(Extracted records)
══════

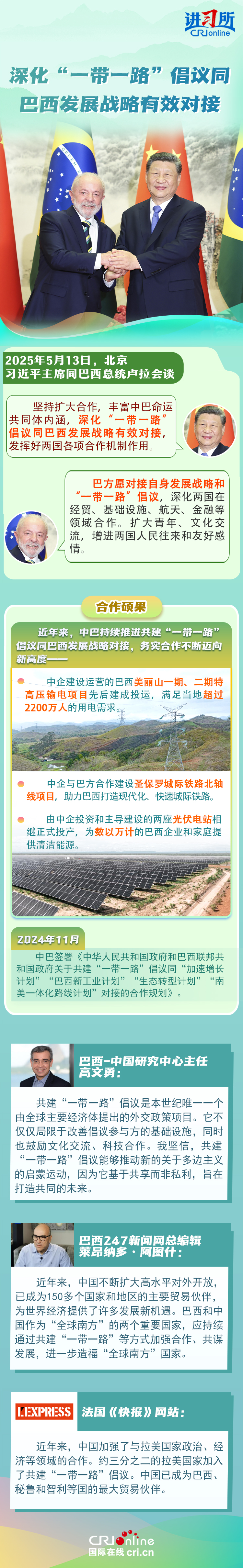習(xí)近平主席在這三場雙邊外事活動中,均提到了共建“一帶一路”倡議:“深化‘一帶一路’倡議同巴西發(fā)展戰(zhàn)略有效對接”“要以哥倫比亞正式加入高質(zhì)量共建‘一帶一路’大家庭為契機(jī),推動兩國合作提質(zhì)升級”“雙方要落實(shí)好共建‘一帶一路’合作規(guī)劃”……10多年來,在習(xí)近平主席親自擘畫和推動下,共建“一帶一路”從中國倡議走向國際實(shí)踐,取得了實(shí)打?qū)?、沉甸甸的成就?/p>
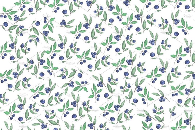 图穷联素材库 » 水彩越桔和树枝插画 Watercolor bilberries and branches
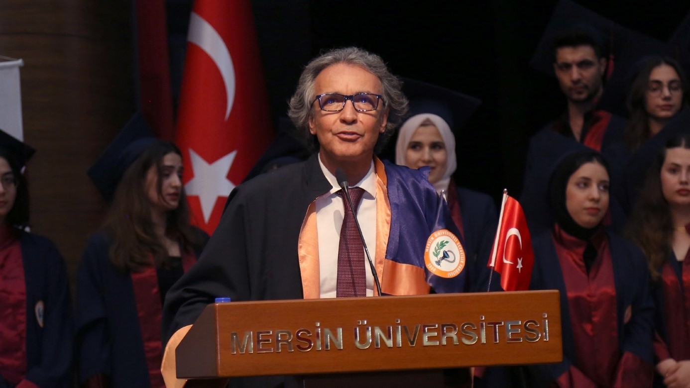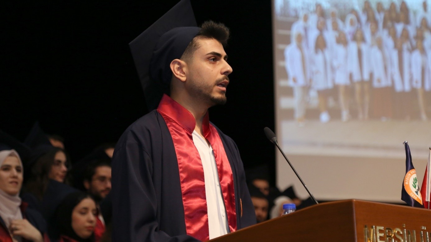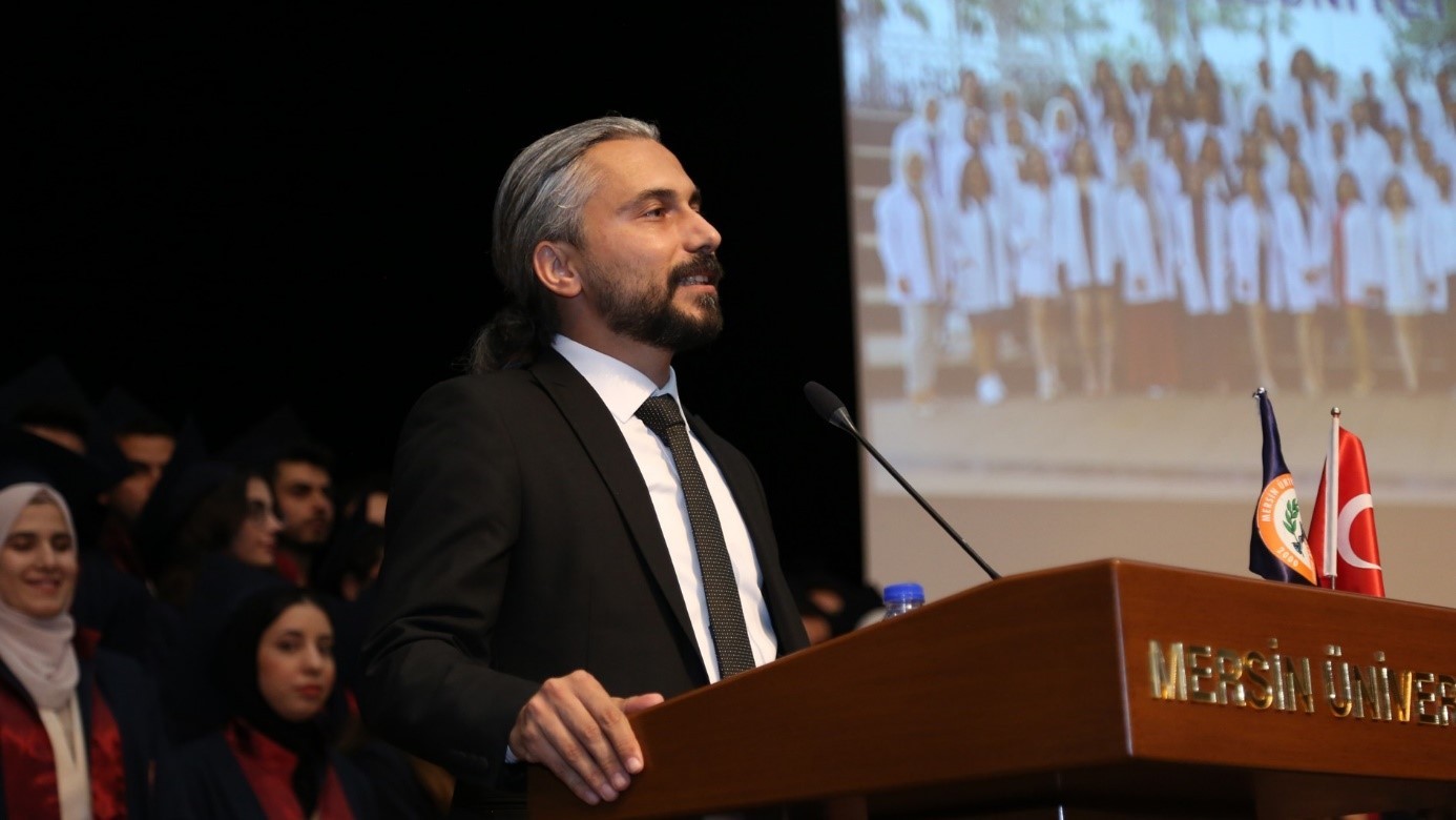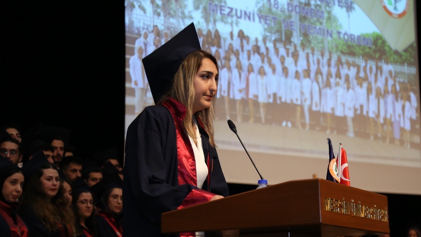 Mersin Eczacı Odası Genel Sekreteri Sayın Ecz. Oktay ASLAN, “Bugün edeceğiniz yemin sonrası meslektaşlarınız olarak aramıza katılacaksınız.  Sizlerle özellikle staj döneminde ve 5. sınıf staj eğitimlerinizde ne yapacağınız ile ilgili çok fazla konuşmuştuk. Fakültemizin akreditasyon sürecine destek veriyoruz ve birlikte omuz omuza yürüyoruz. Kendilerine bu konuda her türlü desteğimizi sunuyoruz. Önümüzdeki süreçte de tekrar akreditasyon alacağımızdan şüpheniz yok. Bu kapsam da gerçekleştirmiş olduğumuz simülasyon eczanesini de en kısa sürede tekrar tamamlayacağız. Bunun sözünü de veriyoruz. Bizler oda olarak fakülteden mezun olan tüm meslektaşlarımıza yardım için uzun yıllardır çaba göstermekteyiz. Mersin’de kalan meslektaşlarımızla mezuniyetleriniz sonrası bayram dönüşü bir eğitim, bilgilendirme ve tanışma toplantısı yapacağız. Unutmayalım ki odalar, meslektaşlarımızın yani bizlerin gücü. Aramıza katılan siz değerli meslektaşlarımızla gücümüzü artırarak problemlerimizi hızlı çözebileceğimize inanıyor, meslek hayatınızda hepinize başarılar diliyorum” ifadelerini kullandı.
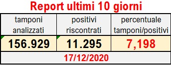 Nel report degli ultimi 10 giorni si registrano 11.295 persone positive, su 156.143 tamponi analizzati.
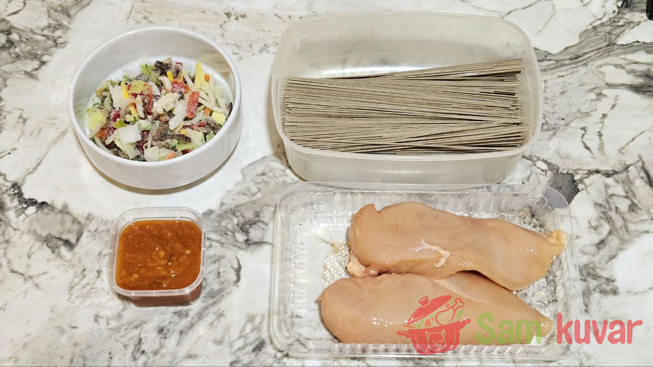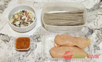 - Pripremite potrebne sastojke za pripremu rezanaca sa piletinom u čili sosu na kineski način.
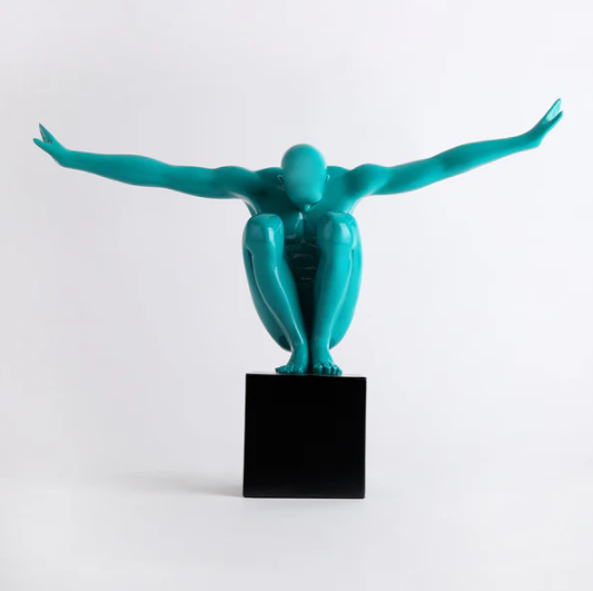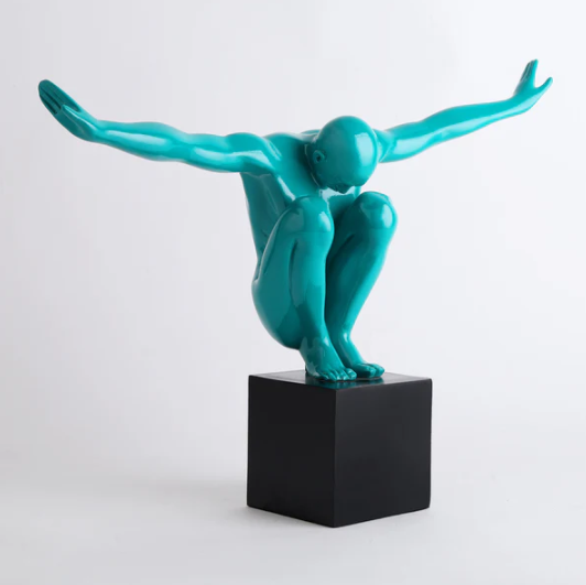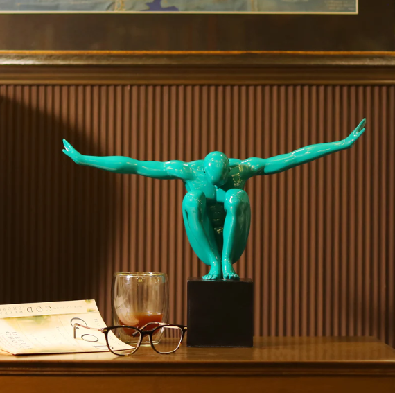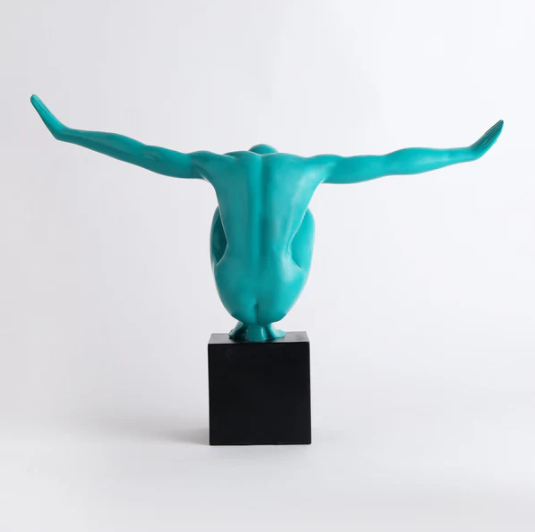 Bathed in a deep, polished emerald, the sculpture’s fluid musculature and smooth contours catch the light with a rhythmic grace, offering a sophisticated depth that feels both powerful and remarkably calm.
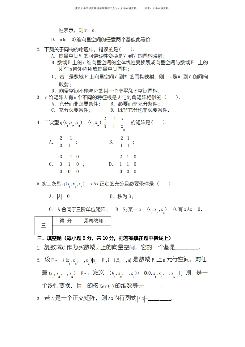 高等代数期末复习试题猴哥6个月前发布关注私信0.12MB10页09226高等代数期末复习试题此内容为免费资源,请登录后查看¥0 登录查看免费资源 第1页 / 共10页 第2页 / 共10页 第3页 / 共10页 该文档为免费文档,您可直接下载完整版进行阅读 © 版权声明文章版权归作者所有,未经允许请勿转载。THE END期末复习 喜欢就支持一下吧点赞26赞赏 分享QQ空间微博QQ好友海报分享复制链接收藏
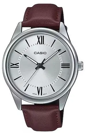 Casio Mens Silver Dial Brown Leather Strap Watch - CasioMTPV005L7B5UDF
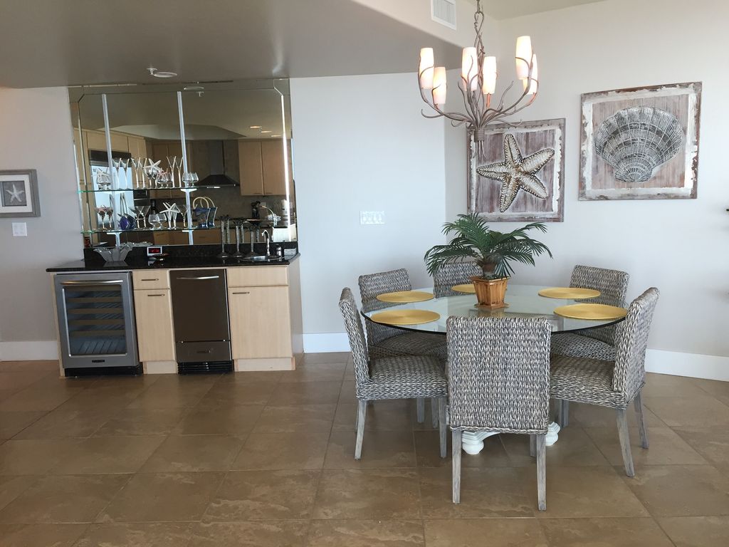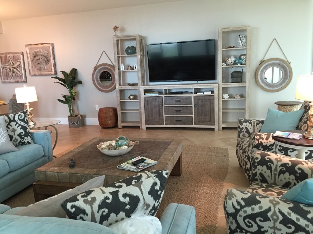 Our newest condo is located in Caribe Resort overlooking the Gulf of Mexico and Old River and Ono Island. We also own 515D. If you need two condos please let us know. The panoramic views from the Living Room speaks for itself. The Living Room is furnished with a sectional Queen Sleeper. There is a 70 inch Flat Screen HD TV, DVD and stereo. There is plenty of seating for everyone to enjoy the view along or watch a Movie at Night.The balcony is furnished with Table and Chairs and Loungers for enjoying the outdoors.The dining has table and chairs with seating for 6. The Breakfast Bar has additional seating for 4. The Wet Bar has both a Wine Chiller and Ice MakerThe Stainless Steel Upgraded Kitchen is fully stocked.The Master Bedroom is furnished with a Comfortable King Bed. There is a Dresser and Large Flat Screen HD TV and DVD. There is a walk in closet. The Master Bath has a jetted Jacuzzi Tub and Separate Glass enclosed shower. The vanity has double sinks The first Guest Bedroom is furnished with 2 Queen Beds, Large Flat Screen TV and DVD. This room also has a private Bath.The second Guest Bedroom is furnished with a Queen Bed. This bedroom has a private Bath. Also Large HD TV and DVDThe third Guest Bedroom is furnished with Bunks. The bottom bunk is a full bed with a trundle underneath and the top bunk is a twin bed. This room sleeps 4. This room is also furnished with Large Flat screen TV and DVD. There is a laundry room with fill size Front Loading Washer and Dryer There is a Half Bath for Drop in GuestsThe Complex has all the amenities you could want. Out Door Pools, River Pool, Indoor Pool, Fitness Center, Sauna, Theater, Grilling Area.There is of course free WiFiThere is also a shuttle to take everyone to the Beach so you don't have to cross the street. More details
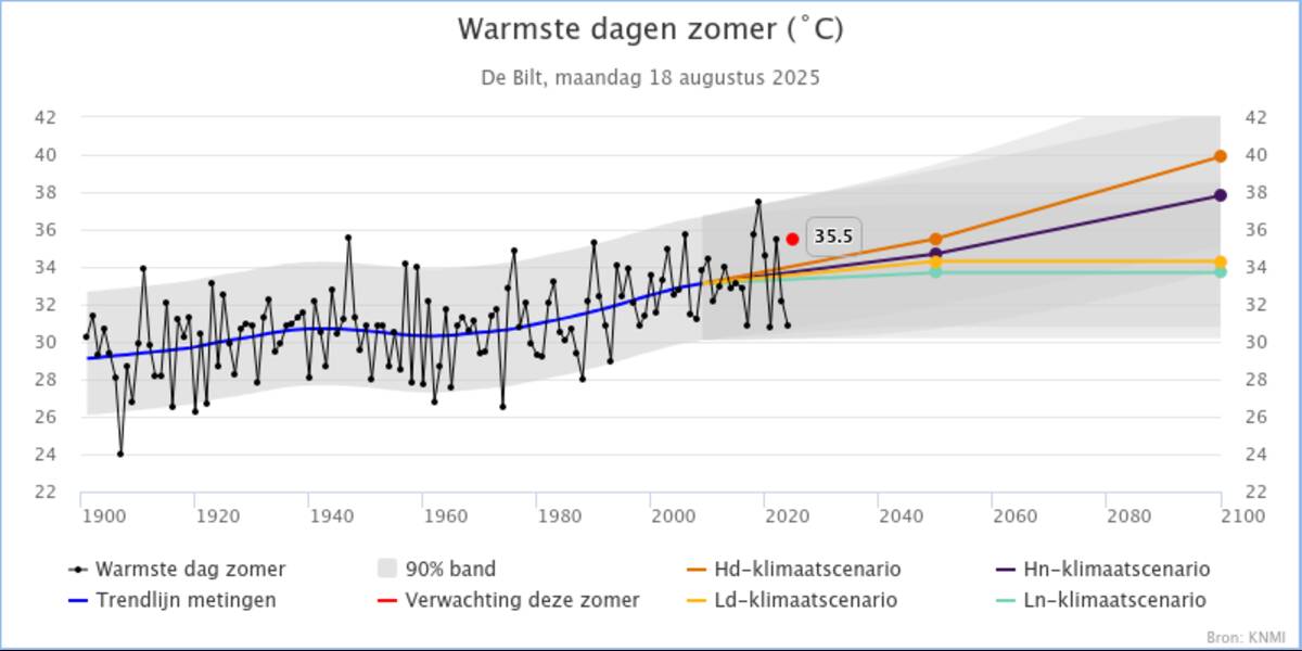 Een periode van hitte zoals vorige week komt in het klimaat van nu gemiddeld eens in de twee jaar voor en is daarmee niet heel uitzonderlijk. Vroeger was dat anders: in De Bilt is de kans op zo’n gebeurtenis sinds het begin van de vorige eeuw vijf keer zo groot geworden en de bijbehorende temperaturen zijn met ongeveer 3 graden gestegen. Dat blijkt uit een attributiestudie van het KNMI.
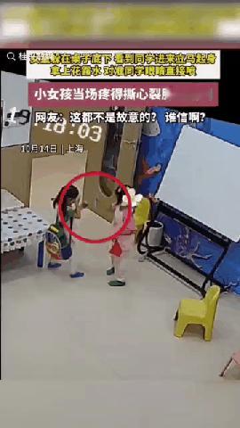 万万没想到!上海,上一秒两个人还在一起玩滑滑梯,下一秒回到教室后,高个子同学捡起地上的花露水,转身就往小女生的脸上喷,当场疼得撕心裂肺的吼叫。网友:她清楚地知道自己在做什么? 视频中,高个子女同学捡起了地上的花露水,转身后毫不犹豫的把它喷向了小女生的脸上,小女生当场哭疼得撕心裂肺。高个子女同学看到小女生跑了出去,先不慌不忙的把花露水放在了架子上,转头就钻到了桌子底下躲了起来。 据小女生的妈妈讲,她们明明上课还一起玩的滑滑梯,只是回教室拿自己的衣服,就发生了这样的事情。孩子的眼睛痛了1个小时,回家都不肯让我碰眼睛。 细心的网友会发现,她一进教室就奔着花露水去了,不知道是太紧张了还是什么原因,拿起的瞬间,花露水就掉地上了,而她随即又把它捡起来,还测试了一下看喷口的朝向。转身后毫不犹豫的对着女孩的脸喷去。 而小女孩家属也是选择了报警,但派出所说孩子太小,没办法追责,无法立案,只能双方家长协商处理,高个子同学的父母也是道歉了,并答应出医药费。 有网友说,这女孩非常的有耐心,并且是有计划的在做坏事,怕花露水喷不出来,还特意在手上测试了几下,确保成功。 确实是这样的,从视频中就能看到,高个子女孩一进教室就奔着花露水去的,还测试了几下,在确认无误后,转身就向小女孩喷了过去。 还有一个网友说,他儿子不小心把花露水喷到了姐姐的眼里,后来他又捣鼓喷到了自己的眼睛,然后再也不敢喷了。 俗话说得好“勿以恶小而为之”。不管她是有计划的还是无心的,学校也该借此加强安全教育,比如讲解危险物品的使用规范,而家长对于犯错的孩子,不能简单以“年纪小”为由放任,家长需要对她严肃教育。 对于这件事,你有什么样的看法?在评论里留言讨论。

══════

— Task objective —
With pictures omitted, reproduce exactly the lines from the line containing "Een periode van" through the end of the data above.

— Reply to the task —
 Een periode van hitte zoals vorige week komt in het klimaat van nu gemiddeld eens in de twee jaar voor en is daarmee niet heel uitzonderlijk. Vroeger was dat anders: in De Bilt is de kans op zo’n gebeurtenis sinds het begin van de vorige eeuw vijf keer zo groot geworden en de bijbehorende temperaturen zijn met ongeveer 3 graden gestegen. Dat blijkt uit een attributiestudie van het KNMI.
 万万没想到!上海,上一秒两个人还在一起玩滑滑梯,下一秒回到教室后,高个子同学捡起地上的花露水,转身就往小女生的脸上喷,当场疼得撕心裂肺的吼叫。网友:她清楚地知道自己在做什么? 视频中,高个子女同学捡起了地上的花露水,转身后毫不犹豫的把它喷向了小女生的脸上,小女生当场哭疼得撕心裂肺。高个子女同学看到小女生跑了出去,先不慌不忙的把花露水放在了架子上,转头就钻到了桌子底下躲了起来。 据小女生的妈妈讲,她们明明上课还一起玩的滑滑梯,只是回教室拿自己的衣服,就发生了这样的事情。孩子的眼睛痛了1个小时,回家都不肯让我碰眼睛。 细心的网友会发现,她一进教室就奔着花露水去了,不知道是太紧张了还是什么原因,拿起的瞬间,花露水就掉地上了,而她随即又把它捡起来,还测试了一下看喷口的朝向。转身后毫不犹豫的对着女孩的脸喷去。 而小女孩家属也是选择了报警,但派出所说孩子太小,没办法追责,无法立案,只能双方家长协商处理,高个子同学的父母也是道歉了,并答应出医药费。 有网友说,这女孩非常的有耐心,并且是有计划的在做坏事,怕花露水喷不出来,还特意在手上测试了几下,确保成功。 确实是这样的,从视频中就能看到,高个子女孩一进教室就奔着花露水去的,还测试了几下,在确认无误后,转身就向小女孩喷了过去。 还有一个网友说,他儿子不小心把花露水喷到了姐姐的眼里,后来他又捣鼓喷到了自己的眼睛,然后再也不敢喷了。 俗话说得好“勿以恶小而为之”。不管她是有计划的还是无心的,学校也该借此加强安全教育,比如讲解危险物品的使用规范,而家长对于犯错的孩子,不能简单以“年纪小”为由放任,家长需要对她严肃教育。 对于这件事,你有什么样的看法?在评论里留言讨论。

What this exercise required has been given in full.